Serait également en train d’être réglé le transport entre les lieux de stockage et les lieux de vaccination, via des accords avec les grandes chaînes de pharmacie aux Etats-Unis.

Des conflits d’intérêts ?

A la base, Moncef Slaoui travaille chez Moderna, l’une des firmes avec lesquelles les Etats-Unis comme l’Union européenne ont passé un accord. Ce qui n’a pas manqué de soulever des critiques et des soupçons, par exemple de la part de la sénatrice démocrate Elizabeth Warren.

Quelle est la réponse de l’intéressé ? "Premièrement je n’ai pas demandé de tenir ce rôle : on est venu me chercher pour que je vienne aider", se défend-il. "J’ai accepté de le faire bénévolement – j’ai un salaire d’un dollar – j’ai immédiatement démissionné de mon poste du board de Moderna et vendu mes actions de Moderna pour ne plus avoir aucune relation financière ou structurelle avec la compagnie".

J’ai des actions qui sont en fait ma retraite et j’ai refusé de les vendre

Et de souligner qu’il possède également des actions chez GSK, qu’il a gardées : "J’ai des actions qui sont en fait ma retraite et j’ai refusé de les vendre. J’ai dit que si je faisais le moindre bénéfice sur ces actions – si l’action de la compagnie augmente pendant que je tiens ce rôle – je donnerai tout le bénéfice à la recherche fondamentale."
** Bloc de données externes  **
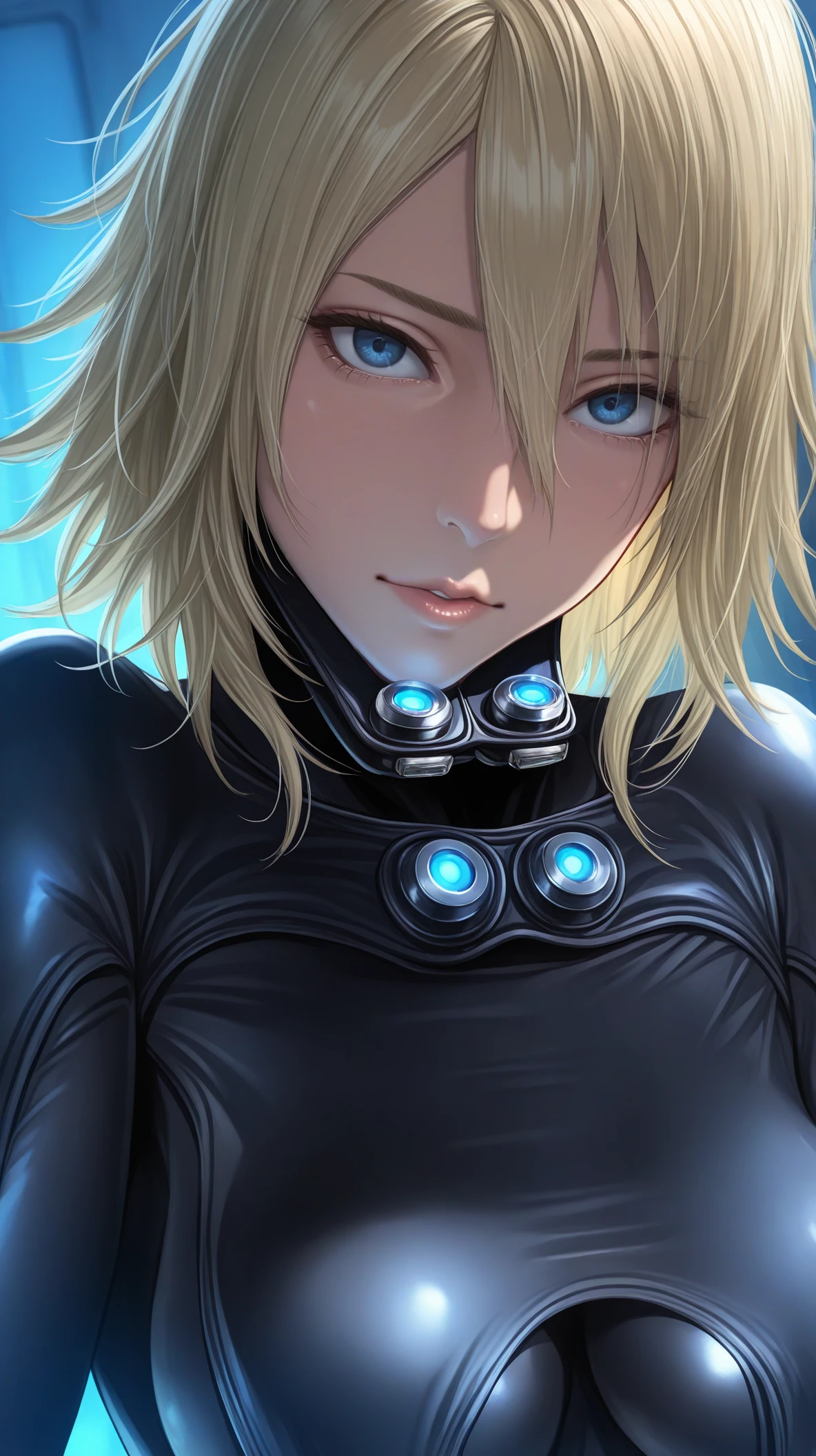 mary_mclane, blue eyes, blonde hair, short hair, messy hair, hair between eyes, black bodysuit, gantz suit, latex bodysuit, skin tight, layered clothes,

Par ailleurs, il affirme s’être tenu à l’écart des négociations en termes de contrats avec les firmes concernées. L’expert prend également de la distance par rapport à l’administration Trump, sans le nommer directement : "J’ai dit à plusieurs endroits que je n’étais pas aligné avec l’Administration. Je n’ai pas fait ça parce que je supporte l’Administration, j’ai fait ça parce que c’est très important qu’on ait des vaccins et des médicaments contre cette pandémie qui a mis le monde à genoux."

Sa mission s’arrêtera, dit-il, quand deux vaccins ainsi que deux médicaments seront approuvés et en utilisation. Il sortira alors des projecteurs pour retrouver sa vie professionnelle et privée d’avant. Une échéance qui ne semble pas si lointaine.